GFIA: the Asian hedge fund industry pre- and post- crisis

7 Feb 2011
In its most recent client monthly newsletter, GFIA pte ltd quantifies multiple parameters of change in the Asian hedge fund industry after the Global Financial Crisis. Their research confirms an industry that’s fundamentally changed.

Summary findings include:

· Fund closures peaked at the height of the GFC in 2008 and fund launches have been downward trending since 2005.
· Exposures peaked in mid 2007 and bottomed in early 2009 with a fairly high correlation to the cumulative returns of the market index.
· Funds became riskier post-GFC with greater dispersion across strategies
· Majority of strategies saw an increase in correlation with other strategies

GFIA pte ltd, also released findings on how the correlation between different hedge fund strategies and their benchmark indices within a seemingly diversified portfolio changed during the credit crisis, concluding that equity long-short strategies became more correlated after the global financial crisis, while non-equity longshort strategies maintained their low cross-correlations.
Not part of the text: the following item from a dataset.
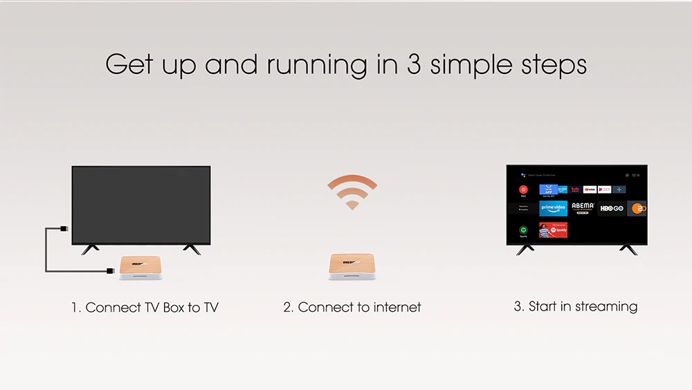 MECOOL KM6 ATV Deluxe Amlogic S905X4 4GB SDRAM 64GB ROM bluetooth 5.0 5G WiFi6 Android 10.0 TV Box Support Google Assistant 4K Youtube Prime Video AV1 GPU: Amlogic S905X4 Quad core ARM Cortex-A55 GPU: Mail-G31 MP2 SDRAM: 4GB FLASH: 64GB OS: Android 10.0 ATV Bluetooth: bluetooth 5.0 Ethernet: 10/100/1000 M Ethernet RJ45 LAN WiFi: IEEE 802.11 b/g/n/ac/ax (WiFi6) 2T2R 2.4G 5G Video decorder: AV1 4Kx2K@60fps, H.265 HEVC 4Kx2K@75fps, VP9 4Kx2K@60fps Support Google Assistant voice remote control Support 4K Youtube, 4K Prime Video, support 4K HDR10+   Specification:     Hardware Specifications CPU Amlogic S905X4Quad core ARM Cortex-A55 GPU Mail-G31 MP2 SDRAM 4GB FLASH 64GB WiFi Built in 2T2R 2.4G/5G WiFi SupportIEEE 802.11 b/g/n/ac/ax(WiFi6) Blutooth BT5.0 LAN Ethernet 10/100/1000 M Ethernet port LED Indicator the standby mode is red,the working mode is blue   Main Features OS Android 10.0 ATV Video decorder Hardware decoders -AV1 [email protected] up to 4Kx2K@60fps- VP9 Profile-2 up to 4Kx2K@60fps- H.265 HEVC [email protected] up to 4Kx2K@75fps- AVS2-P2 Profile up to 4Kx2K@60fps- H.264 AVC [email protected] up to 4Kx2K@30fps- MPEG-4 ASP@L5 up to 1080P@60fps (ISO-14496)- WMV/VC-1 SP/MP/AP up to 1080P@60fps- AVS-P16(AVS+) /AVS-P2 JiZhun Profile up to 1080P@60fps- MPEG-2 MP/HL up to 1080P@60fps (ISO-13818)- MPEG-1 MP/HL up to 1080P@60fps (ISO-11172)- RealVideo 8/9/10 up to 1080P@60fps Video encorder Video/Picture Encoding- Independent JPEG and H.264 encoder with configurable performance/bit-rate- JPEG image encoding- H.265/H.264 video encoding up to 1080P@60fps with low latency HDR Supports Dolby Vision (optional),HDR10+, HDR10, HLG and Technicolor HDR processing 3D Graphics Mail-G31 MP2 GPU- 4-wide warps, dual texture pipe, 2x 4-wide execution engines (EE)- Concurrent multi-core processing- for OpenGL ES 3.2, Vulkan 1.1 and for OpenCL 2.0 support Decoder format HD MPEG1/2/4, H.265/HEVC, HD AVC/VC-1, RM/RMVB, Xvid, RealVideo8/9/10 Media format Supports , .wmv, , , .dat, , , , , and .jpg file formats Music format Supports MP3, AAC, WMA, RM, FLAC, OGG and programmable with 7.1/5.1 down-mixing Photo format HD JPEG/BMP/GIF/PNG/TIFF Network Function Miracast, Airpla, Skype chatting, Picasa, Youtube, Flicker, Facebook, Online movies, etc. Language Chinese, English, Germany, Japanese, Korea etc. 24 languages OTA Support OTA update   Port Specifications Port 1 xHDTV 2.1 Dynamic HDR 4Kx2K@60 max resolution output   1 x USB 2.0   1 x USB 3.0   1 x TF CARD Support 1~32GB   1 x 3.5 Phone out CVBS&L/R output   1 x Optical   1 x RJ45 LAN   1 x DC 5V/2A   Accessories Package Included 1 x MECOOL KM6 4/64GB TV Box   1 x Power Adapter   1 x IR+BT Voice remote   1 x HDTV Cable   1 x User Manual Specification:   Hardware Specifications CPU Amlogic S905X4 Quad core ARM Cortex-A55 GPU Mail-G31 MP2 SDRAM 4GB FLASH 64GB WiFi Built in 2T2R 2.4G/5G  WiFi  Support IEEE 802.11 b/g/n/ac/ax(WiFi6) Blutooth BT5.0 LAN Ethernet 10/100/1000 M Ethernet port LED Indicator the standby mode is red,the working mode is blue Main Features OS Android 10.0 ATV Video decorder Hardware decoders     – AV1 [email protected] up to 4Kx2K@60fps  – VP9 Profile-2 up to 4Kx2K@60fps – H.265 HEVC [email protected] up to 4Kx2K@75fps – AVS2-P2 Profile up to 4Kx2K@60fps – H.264 AVC [email protected] up to 4Kx2K@30fps – MPEG-4 ASP@L5 up to 1080P@60fps (ISO-14496) – WMV/VC-1 SP/MP/AP up to 1080P@60fps – AVS-P16(AVS+) /AVS-P2 JiZhun Profile up to 1080P@60fps – MPEG-2 MP/HL up to 1080P@60fps (ISO-13818) – MPEG-1 MP/HL up to 1080P@60fps (ISO-11172) – RealVideo 8/9/10 up to 1080P@60fps Video encorder Video/Picture Encoding – Independent JPEG and H.264 encoder with configurable performance/bit-rate – JPEG image encoding – H.265/H.264 video encoding up to 1080P@60fps with low latency HDR Supports Dolby Vision (optional), HDR10+, HDR10, HLG and Technicolor HDR processing 3D Graphics Mail-G31 MP2 GPU  - 4-wide warps, dual texture pipe, 2x 4-wide execution engines (EE)  - Concurrent multi-core processing  - for OpenGL ES 3.2, Vulkan 1.1 and for OpenCL 2.0 support Decoder format HD MPEG1/2/4, H.265/HEVC, HD AVC/VC-1, RM/RMVB, Xvid, RealVideo8/9/10 Media format Supports , .wmv, , , .dat, , , , , and .jpg file formats Music format Supports MP3, AAC, WMA, RM, FLAC, OGG and programmable with 7.1/5.1 down-mixing Photo format HD JPEG/BMP/GIF/PNG/TIFF Network Function Miracast, Airpla, Skype chatting, Picasa, Youtube, Flicker, Facebook, Online movies, etc. Language Chinese, English, Germany, Japanese, Korea  etc.  24 languages OTA Support OTA update Port Specifications Port 1 x HDTV 2.1  Dynamic HDR 4Kx2K@60 max resolution output 1 x USB 2.0 1 x USB 3.0 1 x TF CARD Support 1~32GB 1 x 3.5 Phone out CVBS&L/R output 1 x Optical 1 x RJ45 LAN 1 x DC 5V/2A Accessories Package Included 1 x MECOOL KM6 4/64GB TV Box 1 x Power Adapter 1 x IR+BT Voice remote 1 x HDTV Cable 1 x User Manual

Peter Douglas CAIA, principal of GFIA, commented: “While hedge funds still offer a much more appealing investment profile than long-only funds, clearly it’s now harder to find genuinely different hedge fund strategies in Asia, and levels of risk appear to have ratcheted up. We suspect that investor appetite for extremely liquid opportunities probably explains much of the higher correlations, and slower allocations explain the drop-off in fund launches.”